The objective is now that we will be moving from hundreds to thousands
of pages a database generated site seem more reasonable...

Cheers

Tony

--
RedHat Linux on Sony Vaio C1XD/S
http://www.animaproductions.com/linux2.html
Macromedia UltraDev with PostgreSQL
http://www.animaproductions.com/ultra.html


Re: html to postgres...

From
"Mitch Vincent"
Date:
You could put the entire HTML page directly into a text type field in
PG..... That would give you limited flexibility as far as searching and
indexing goes but you didn't mention any specifics of what you were
attempting to do by having the pages in a database....

Good luck!

-Mitch

----- Original Message -----
From: "Tony Grant" <tony@animaproductions.com>
To: <pgsql-general@postgresql.org>
Sent: Monday, July 16, 2001 10:48 AM
Subject: [GENERAL] html to postgres...


> Hello,
>
> I have several hundred HTML (!) pages that need to be converted to a
> format that in turn can be imported into PostgreSQL. They are all built
> on a very similar grid.
>
> Any thoughts?
>
> Cheers
>
> Tony Grant
>
> --
> RedHat Linux on Sony Vaio C1XD/S
> http://www.animaproductions.com/linux2.html
> Macromedia UltraDev with PostgreSQL
> http://www.animaproductions.com/ultra.html
>
>
> ---------------------------(end of broadcast)---------------------------
> TIP 5: Have you checked our extensive FAQ?
>
> http://www.postgresql.org/users-lounge/docs/faq.html
>


Re: html to postgres...

From
markMLl.pgsql-general@telemetry.co.uk
Date:
I'm successfully storing
--
Mark Morgan Lloyd
markMLl .AT. telemetry.co .DOT. uk

[Opinions above are the author's, not those of his employers or
colleagues]

Re: html to postgres...

From
Jose Manuel Lorenzo Lopez
Date:
16.07.2001 16:48:53, Tony Grant <tony@animaproductions.com> wrote:

>Hello,
>
>I have several hundred HTML (!) pages that need to be converted to a
>format that in turn can be imported into PostgreSQL. They are all built
>on a very similar grid.
>
>Any thoughts?

Hello Tony,

I guess you want to insert the data of tables included in your HTML
Pages, am I right???

If so, may be you want to create a Shell-Script (Perl ???) that reads the
rows of your tables in the HTML-Pages using the HTML  tags
<th></th>  <td></th>as field separator.

You also can convert the HTML-pages first in human readable ascii - tables :)
and than read this output with a Script (Again Perl ???). The tools to do
this is 'html2text'.

Best Regards  / Mit freundlichen Gruß / Un saludo

José Manuel Lorenzo López





Re: html to postgres...

From
Vince Vielhaber
Date:
On 16 Jul 2001, Tony Grant wrote:

> Hello,
>
> I have several hundred HTML (!) pages that need to be converted to a
> format that in turn can be imported into PostgreSQL. They are all built
> on a very similar grid.
>
> Any thoughts?

For the integrated docs I wrote a C program (I suck at perl) and a
shell script to send to stdout:

\connect whateverdatabaseyouwant
insert into table(pagereference,textofpage) values('titleofpage','

The parse the file and send it to stdout but take any apostrophes and
backslashes and escape them.  Then follow it up with:

');\n

and when run it took a directory of about 480 files and neatly filed
them into a table.

Vince.
--
==========================================================================
Vince Vielhaber -- KA8CSH    email: vev@michvhf.com    http://www.pop4.net
         56K Nationwide Dialup from $16.00/mo at Pop4 Networking
        Online Campground Directory    http://www.camping-usa.com
       Online Giftshop Superstore    http://www.cloudninegifts.com
==========================================================================




Re: html to postgres...

From
"Mitch Vincent"
Date:
> Yes I was vague - the heat is coming back...

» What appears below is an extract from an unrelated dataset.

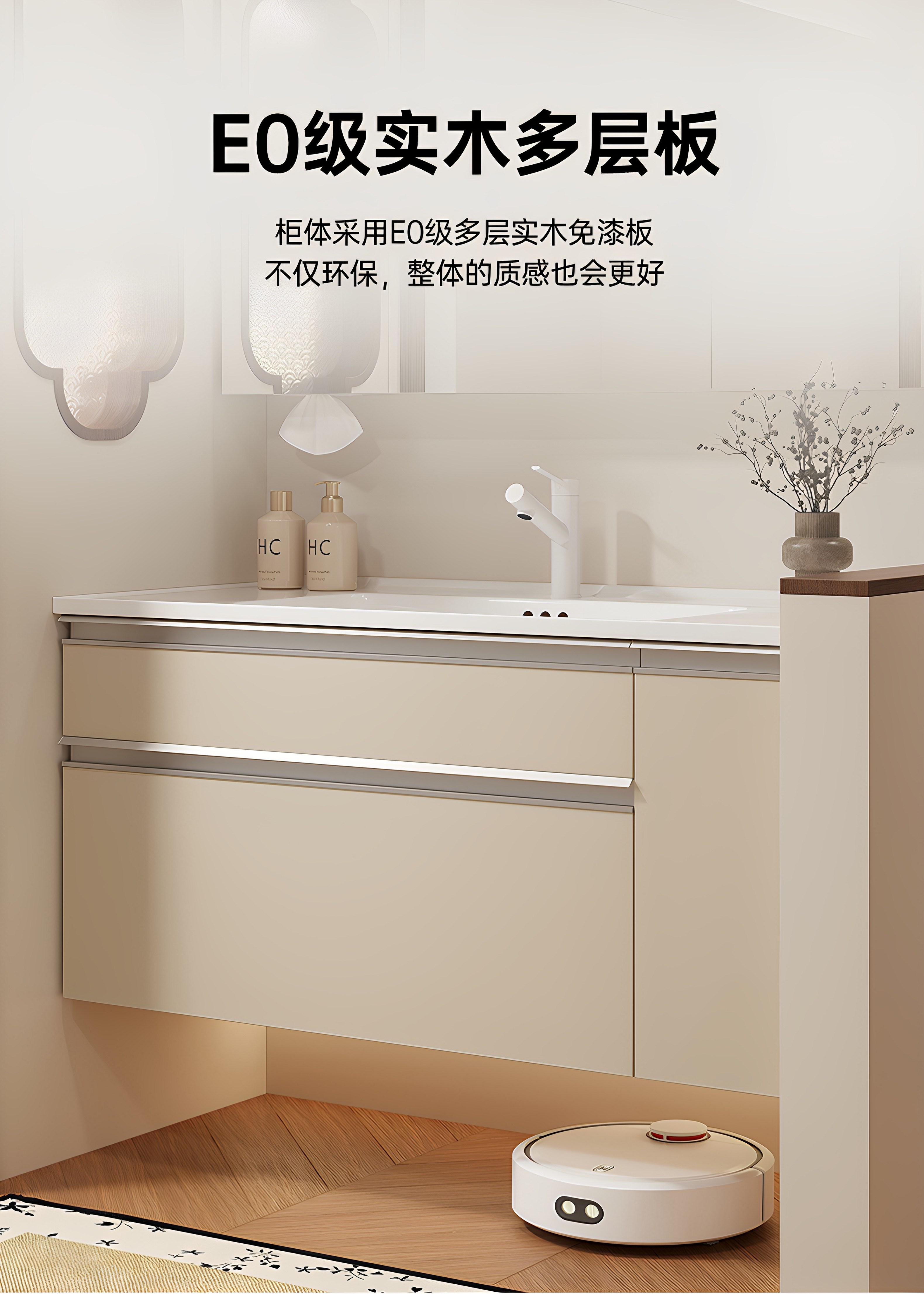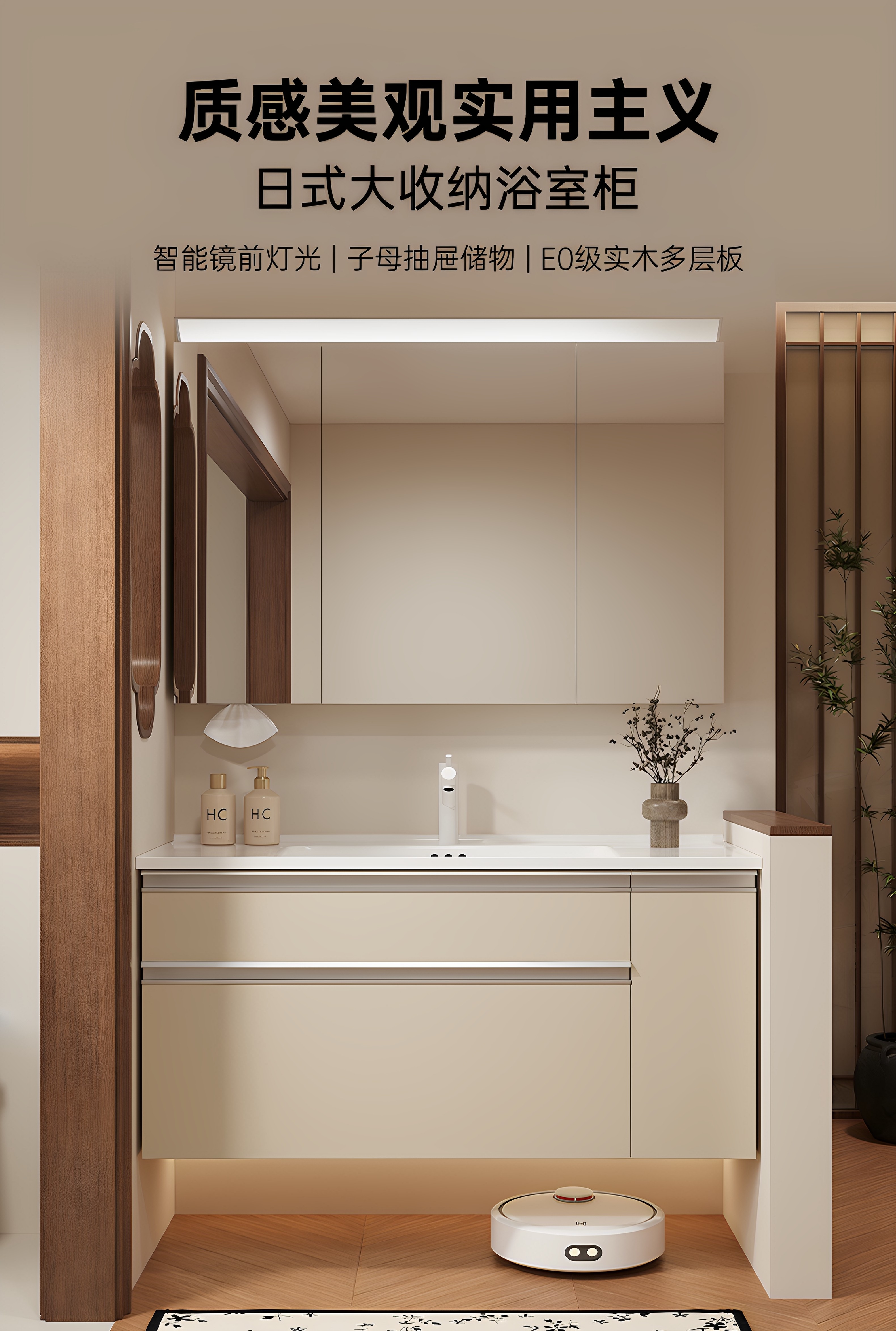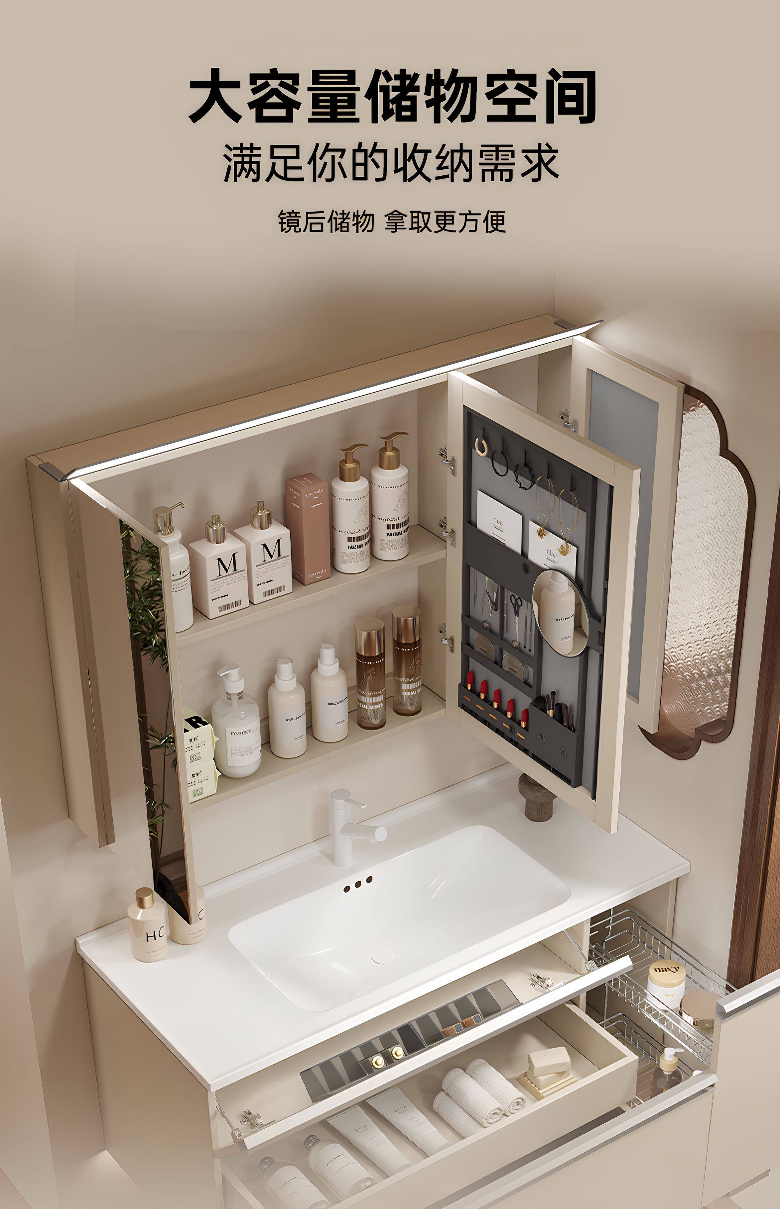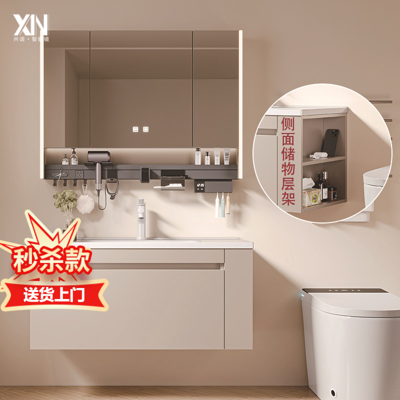 卫生间多功能智能镜柜洗脸盆实木多层板挂墙浴室柜组合陶瓷一体盆

Still somewhat vague, though we're getting there!

> These are film and director pages in a movie site. I am looking at
> HTML->XML tools then with a parser I should be able to create a tab
> delimited text file.

    Ok, it seems that you're going to have to write something to do the
inserting into the database as you're creating a custom schema and such I
assume.. A few thousand web pages with a few fields shouldn't take very long
at all to import, I'm guessing that it won't be all that much data...
Something quick in Perl/C or even PHP would work after you got the
individual HTML files parsed into your comma delimited file.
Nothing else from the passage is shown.